The adaptations of glutamate transmission involve both glutamate levels and glutamate receptors. NMDARs are primarily located in postsynaptic membranes that mediate fast excitatory neurotransmission. NMDARs are assembled from NR1, NR2 (NR2A, NR2B, NR2C, NR2D), and NR3 (NR3A, NR3B) subunits. The NR1 subunit is the essential component, and its number represents the expression level of NMDARs. The various isoforms of the NR2 subunit modify the electrophysiological characteristics of the receptor. The NR2B subunit tends to transform into the NR2A subunit, resulting in the functional diversity of NMDARs [42]. First, the deactivation time of NR1/NR2A assemblies is shorter, and the EC50 for glutamate or glycine is higher than in NR1/NR2B assemblies. Second, the speed of excitatory postsynaptic current decay is different. Finally, NR2A assembles as a functionally distinct triheteromeric NMDAR (i.e. NR1/NR2A/NR3) more easily than the other NR2 subunit isoforms, and this channel has reduced relative Ca2+ permeability [43]. Accumulating evidence suggests that NMDARs, particularly those containing the NR2B subunit, play a crucial role in opioid addiction [44]. Chronic exposure to morphine markedly decreases the expression of the NR2B subunit in the nucleus accumbens [45], frontal cortex, and striatum [45]. In rat hippocampus and hypothalamus, chronic morphine treatment fails to affect the allosteric binding but significantly decreases the expression of NR2B [4648]. In the present study, we showed that in the hippocampus of chronic morphine-treated rats, expression of the NR2B subunit, but not the NR1 subunit, was significantly down-regulated, and agmatine reversed this change. This suggested that agmatine not only prevents alteration of the extracellular glutamate level, but also reverses the adaptation of NMDAR expression. However, the electrophysiological characteristics of NMDARs in the hippocampus of chronic morphine-treated rats and the effect of agmatine on them remain unclear.

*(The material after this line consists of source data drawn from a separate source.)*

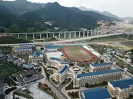 The Quzhou–Ningde railway is a single-track electrified railway in China. The combined passenger and freight line is 379 kilometres (235 mi) long and has a design speed of 160 kilometres per hour (99 mph). The journey time is 5 hours and 27 minutes.[1]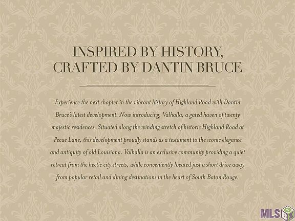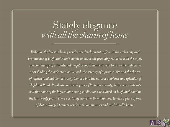 Valhalla a gated haven of 20 half acre plus lots. Experience the next chapter in the vibrant history of Highland Road with Dantin Bruce's latest development. Situated along the winding stretch of Highland Road at Pecue lane. Valhalla is an exclusive community providing a quiet retreat from the hectic city streets, while conveniently located just a short drive away from popular retail and dining destinations in the heart of South Baton Rouge. Valhalla, the latest in luxury residential development, offers all the exclusivity and prominence of Highland Road's stately homes while providing residents with the safety and community of a traditional neighborhood. Residents will treasure the impressive oaks shading the wide main boulevard, the serenity of a private lake and the charm of beautiful landscaping.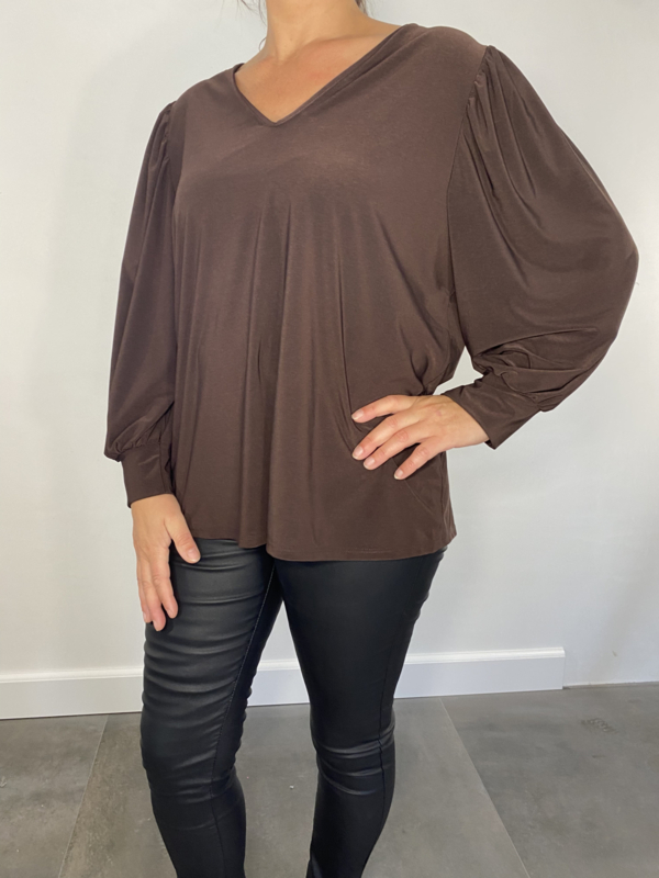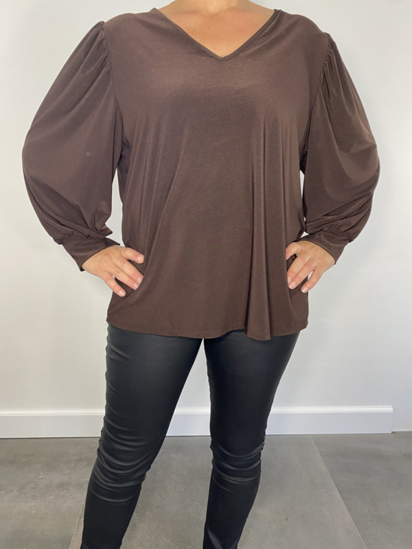 Shirt met v-hals en pofmouw travel donker bruin SALE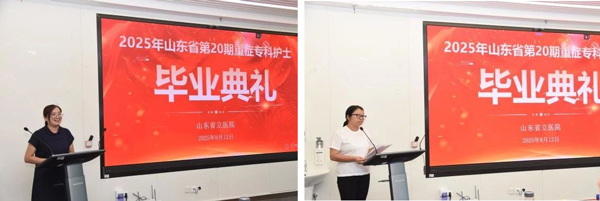 在感悟分享环节,学员代表潍坊市人民医院刘培和山东中医药大学第二附属医院冯淑娟以“知识洗礼、技能锤炼、思维升华”总结本次培训收获。她们表示培训基地围绕重症亚专科打造的系统化课程与带教精准实践指导培训体系,帮助她们掌握了多维度分析护理问题、精准实施干预的能力,显著提升了临床决策的科学性和时效性,特别感谢带教团队在专业技能、职业规划乃至生活细节上的全方位指导。此次培训还重新定义了她们对科研价值的理解,为职业发展开拓了新视野、注入了新动力。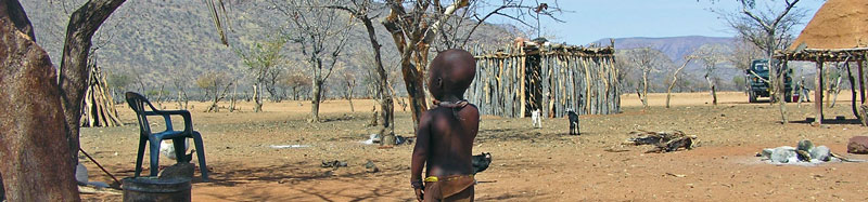 Über Stock und Stein, Sand und Kies, Geröll und Felsen geht die „Pad“ Richtung Kunene, dem ganzjährig wasserführenden Grenzfluss zwischen Angola und Namibia. Die Hitze brennt. Und plötzlich stehen sie da, die nach denen wir suchten - die ersten Ovahimba. Dieses halbnomadische Hirtenvolk gehört noch zu den ursprünglichsten Namibias. Als Rinder- und Ziegenhirten sind sie ständig unterwegs und ziehen ihren Herden und dem frischen Grün hinterher. Oft sind verlassene Lehmhütten am Wegesrand zu finden. Beladen mit Hab und Gut laufen ihre Esel vollbepackt, nur mit Stock und Machete bewaffnet durchstreift dieses Volk den Busch – allem ausgeliefert, was dort lauert. Leoparden sind nicht selten hier oben im Norden, auch hier und da werden vereinzelt Löwen gesehen, von Schlangen und Skorpionen ganz zu schweigen. Und dann ist da noch etwas, der plagende Durst. Wasser, das Lebenselixier ist kostbar und selten.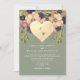 Faites une déclaration audacieuse et romantique avec ce faire-part de mariage boho fleur sauvage, avec un arrangement floral d'aquarelle luxuriante dans les tons bijoux, dressé contre un arrière - plan vert sage doux. Le monogramme métallique de coeur doré apporte une touche élégante et luxueuse, alliant charme rustique et modernité. Parfait pour les mariages de automne, les fêtes de jardin ou les cérémonies d'inspiration nature. Entièrement personnalisable avec vos détails et initiales de mariage.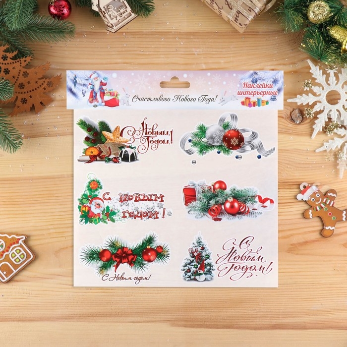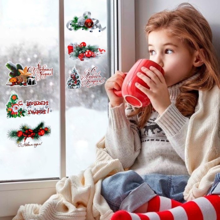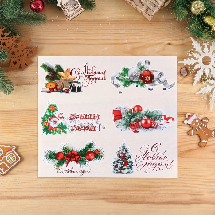 Набор наклеек на окна "Новогодний" 6 наклеек новогодних в наборе, 10 х 17,5 см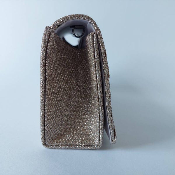 Clutch dames - champagne - glitter stof - magneet sluiting - zilveren ketting - bruiloft - feesten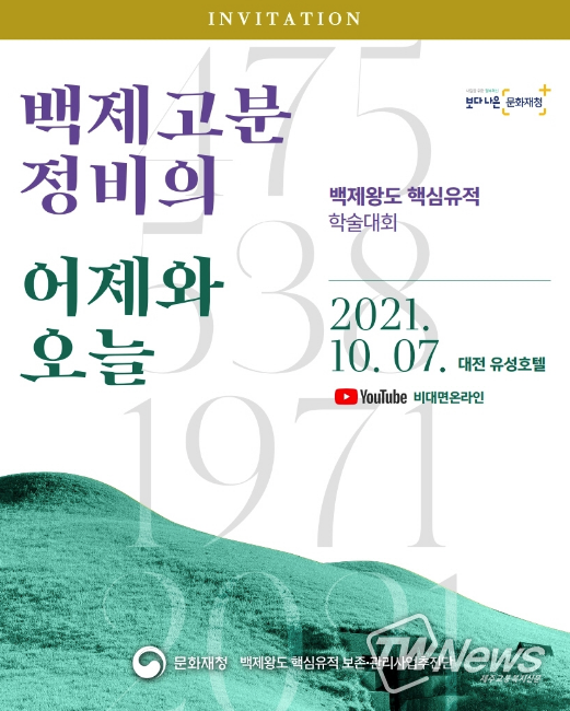 [제주교통복지신문 김지홍 기자] 문화재청은 10월 7일 오전 10시 30분 대전 유성호텔에서 ‘백제고분 정비의 어제와 오늘’을 주제로 학술대회를 개최하고, 문화재청과 문화유산채널 유튜브에서 온라인 생중계한다.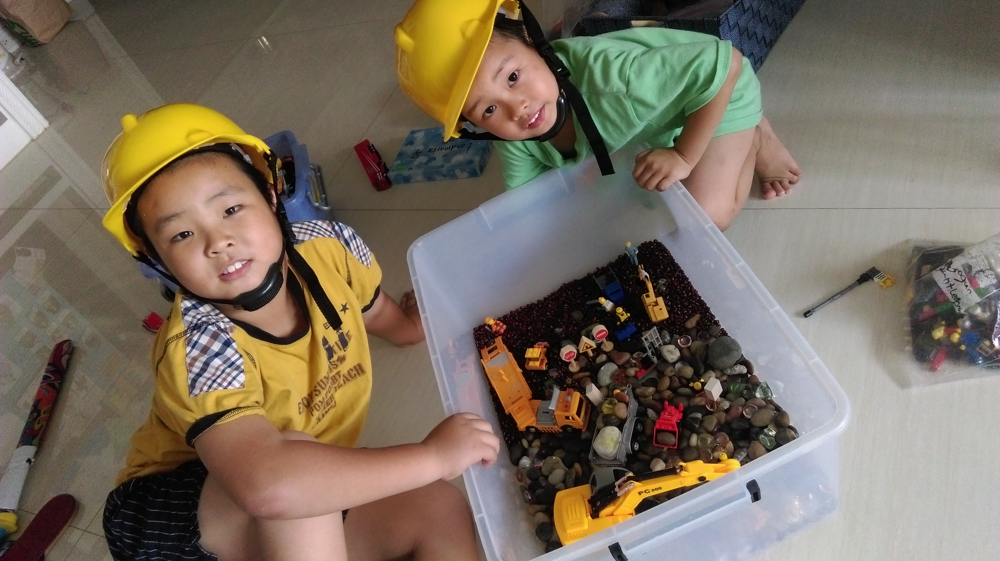 我們先用石頭鋪薄薄的一層, 另外空的地方再鋪紅豆…..把車車擺進去, 放幾個樂高人! 耶! 搞定!!! 媽媽我要去睡午覺了………….. 就這樣, 他們兄弟倆玩了一下午!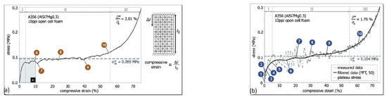 Metal foams are cellular solids composed of a solid and a gas phase. A first classification can be performed on the basis of their porosity: open or closed. The main difference is the presence or absence, respectively, of pore interconnections. The main properties of metal foams are their low density [1,2,3], high energy absorption in compression [4,5] and crash tests [6,7], high acoustic [8] and vibration [9] absorption, high heat transfer coefficient [10], and high electrical [11] and thermal [12] conductivity. The mechanical behavior is strictly related to the morphology of the porosity [13] and consequently to their production methods [14]. Due to their low density, weight reduction of up to a maximum of 80% can be achieved with respect to the same volume of conventional metals [1,6]. This feature makes them interesting in industrial fields, where lower weights lead to lower fuel consumption, such as in the automotive, aerospace, and naval fields. With respect to mechanical strength, the analysis and comparison must be considered on the basis of weight units, and metal foams demonstrate excellent behavior in compression tests. An interesting feature of open cell foam is its high heat exchange coefficient, thanks to its high surface/volume ratio. One of the most important structural features of metallic foams is their relative density (ρ*/ρo), which is the ratio of the density of the foam to the density of the solid. In general, metal foams can easily reach relative densities lower than 0.3. Gibson and Ashby [15] analyzed the properties of cellular materials with respect to the way in which the solid was distributed in the cell faces and edges. They described the topological laws governing the shape and size of the cells, and then the equations describing the relationship between the density and the cell wall thickness and length were developed for cellular solids. Below, the formulas for the correlation between relative density and different type of cells are reported for three-dimensional open cells (aspect ratio Ar = h/l). The relationship between relative density and mechanical properties has also been studied by Gibson and Ashby [15], Bin et al. [16], and Jing et al. [17]. Another feature of metal foams is their ability to absorb energy during compression, and a typical graph (stress–strain), displayed in Figure 1 [4], indicates a starting step exhibiting pseudoelastic behavior, a second plateau step in which the average stress remains constant and the cavities begin to collapse, followed by a third step in which foam densification leads to a rapid increase in stress. On the basis of an analysis of the area under the curve, it can be observed that cellular materials are capable of high energy absorption, both for static and for dynamic loads.
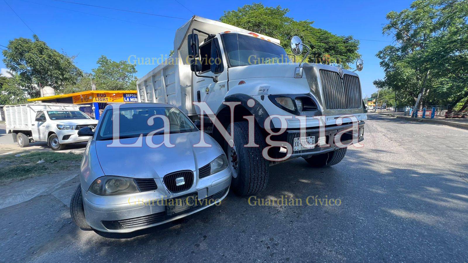 Por intentar ganarle el paso a un camión de volteo, un imprudente automovilista provocó un percance que dejó como saldo únicamente daños materiales mínimos.

In conclusion, we have demonstrated that, in the hippocampus of chronic morphine-treated rats, agmatine prevents or attenuates chronic morphine-induced adaptations of the hippocampal glutamate transmission system, including attenuating the elevation of extracellular glutamate levels through the modulation of glutamate release and reuptake and preventing the down-regulation of the NR2B subunit expression of NMDARs. This may be one of neurobiological mechanisms by which agmatine attenuates opioid addiction.